This week marked a significant event in United States history as our nation celebrated the 150th anniversary of the Gettysburg Address, often lauded as one of the greatest speeches ever given. Here in Illinois, the "Land of Lincoln," numerous events were held to commemorate the great oration of one of the state's "favorite sons."
One of the ironies of the lasting resonance of Lincoln's speech is that Lincoln himself failed to foresee its importance. It was the dedication of a graveyard- one of many such dedications Lincoln had participated in during his political career- and Lincoln's speech wasn't even the keynote of the day. That honor was reserved for former Massachusetts governor and former U.S. Secretary of State Edward Everett, who delivered over 13,000 words in a two-hour period. Lincoln, by contrast, spoke only for a few minutes, and only about ten sentences. (There are a number of variant accounts of the text of the speech, and it's not entirely clear which version Lincoln used that day) Lincoln personally thought that "the world will little note, nor long remember, what we say here…"

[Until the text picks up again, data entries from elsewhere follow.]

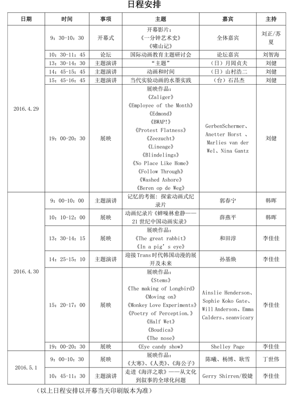 “匠心独运——东方语境下的动画精神” 第十二届中国国际动漫节国际动漫教育高峰论坛暨第三届中国(杭州)国际青年动画双年展将于2016年4月29日至5月1日期间在中国美术学院象山校区举办。本次双年展力邀国际各大知名动漫院校、动漫影视公司的精英专家开展国际动画教育论坛活动,将举办高峰论坛、工作坊、动画展映等一系列学术活动,共同分享各大高校艺术教育与青年动画家成长的创新理念和实践成果。活动论坛单元-“匠心独运——东方语境下的动画精神”国际动漫教育高峰论坛、“人文动画的工匠精神”名家讲坛、“人文动画的东方智造”名家工作坊邀请了如日本动画前辈月岡贞夫教授、著名日本动画家山村浩二教授,台湾艺术大学多媒体动画艺术系石昌杰教授,荷兰动画节主席哥本(Gerben Schermer)先生、美国梦工厂海外总监Shelley Page、韩国尚明大学校艺术大学漫画动画学科孙基焕教授、英国Cartoon saloon公司《海洋之歌》联合制品人Gerry Shirren等专家研讨动画的方方面面。开幕式还将展映今年入选法国昂西动画节主竞赛单元的由中国美术学院曹澍老师导演,一年级基础部同学所共同创作的《一分钟艺术史》、由我院青年教师李佳佳博士所创作的具有东方精神的《啸山记》一片。同时“人文动画的视觉叙事”国际青年动画展单元也将展出来自英国、荷兰、日本、中国优秀青年动画家作品,并现场分享创作历程。
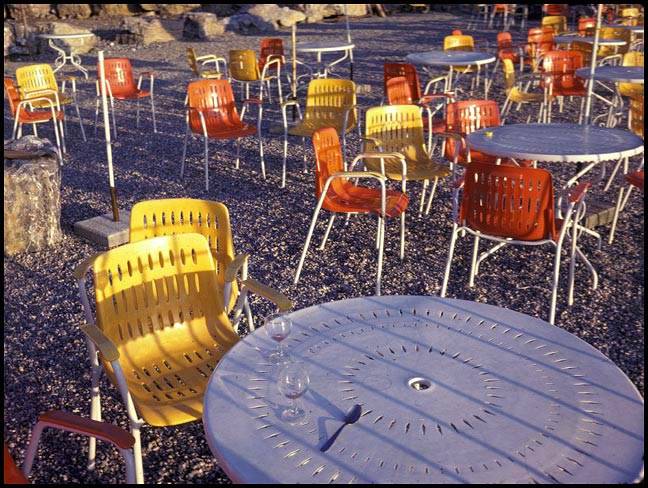 Café tables in the late afternoon, La Forclaz (France) - 1981
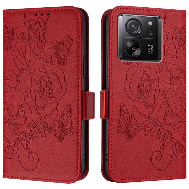 Funda de Cuero Antirrobo Rfid con Relieve Rosa para Redmi K60 Ultra / Xiaomi 13T / 13T Pro (Rojo)
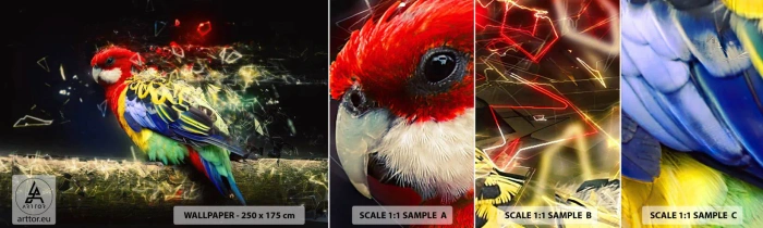 • Resumen, loro, pájaro, animales, Para la oficina, Para el estudio, Para el comedor, Para el recibidor, Para el salón, Para el dormitorio, Negro, Rojo, Azul, Amarillo, Colorido, Horizontal
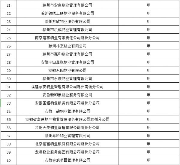 根据《滁州市物业服务企业信用档案管理实施细则》的有关规定,经各区物业主管部门评定上报、市住建局统一汇总(详见附件),现将2019年度滁州市城区物业服务企业信用等级评定结果予以公示。公示期内,如有异议,可向市住建局物业科和各区物业主管部门反映核实,接受业主和社会监督。
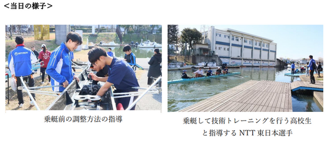 この教室は県内漕艇部所属の高校生と、プラチナジュニア※1のローイング競技認定者の中学生の総勢50名が、一流選手による指導を体験できる貴重な場として開催され、NTT東日本からは、日本有数の実力を持つNTT東日本漕艇部選手が指導を行いました。
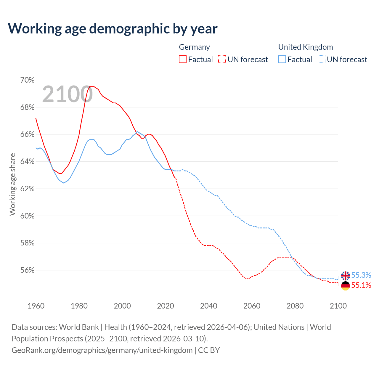 - Germany has 51.9M working age adults (aged 15-64) vs 44.4M in the United Kingdom.

In a similar vein, the world may not take note of what I write in this blog. They may pay scant attention to any of the things that my colleagues around the world have written or preached this Shabbat. But we should not let the potentially limited reach of our words lull us into complacency. We should not allow it to dissuade us from trying to make a difference in this world.

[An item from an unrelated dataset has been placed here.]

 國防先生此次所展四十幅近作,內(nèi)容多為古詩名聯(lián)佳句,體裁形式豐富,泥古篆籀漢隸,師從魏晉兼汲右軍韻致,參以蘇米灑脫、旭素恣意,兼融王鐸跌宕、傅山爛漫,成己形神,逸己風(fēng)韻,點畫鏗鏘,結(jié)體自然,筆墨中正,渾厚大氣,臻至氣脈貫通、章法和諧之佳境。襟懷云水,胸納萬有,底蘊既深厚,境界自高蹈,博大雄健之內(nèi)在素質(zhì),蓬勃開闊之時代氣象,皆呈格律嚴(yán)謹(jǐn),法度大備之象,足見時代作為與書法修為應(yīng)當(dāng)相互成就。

This week's Torah portion, VaYeshev, introduces us to Joseph, famous for being a dreamer in both the literal and figurative sense. His dreams are seen as predictive of God's plan for the world, while nowadays our dreams are generally aspirational in nature. Nonetheless, Joseph guides us, encouraging us to dream big, and not to allow others to stand in the way of our bringing our dreams to fruition.
We mark the legacy of another president of our country this week, John F. Kennedy, whose influence and legacy are often compared to that of Lincoln. Kennedy memorably advised Americans to "ask not what your country can do for you, but rather what you can do for your country."
I believe that this idea can and should be adapted for 21st century Judaism. We should not merely ask what Judaism can do for us, but also what we can do to spread the truth and beauty of Judaism to others; we should ask how our Judaism can guide us to make a difference in this world.
We stand in the shadow of Joseph, of Kennedy, and of Lincoln. It is up to us to inherit and build upon their legacies.
To borrow again from Lincoln: "It is for us…to be dedicated to the unfinished work which they…have thus far so nobly advanced." Lincoln was speaking of honoring the memories of the Civil War soldiers buried at Gettysburg, but we may apply his words to the challenge that we have embraced as our own: to work to make a difference, to bring healing and peace and prosperity to every individual, to bequeath to future generations a world in which all can live in harmony and none need be afraid.
Ken y'hi ratzon- may it be God's will that this occur- v'ken y'hi r'tzoneinu- and may it be our will to bring it to fruition.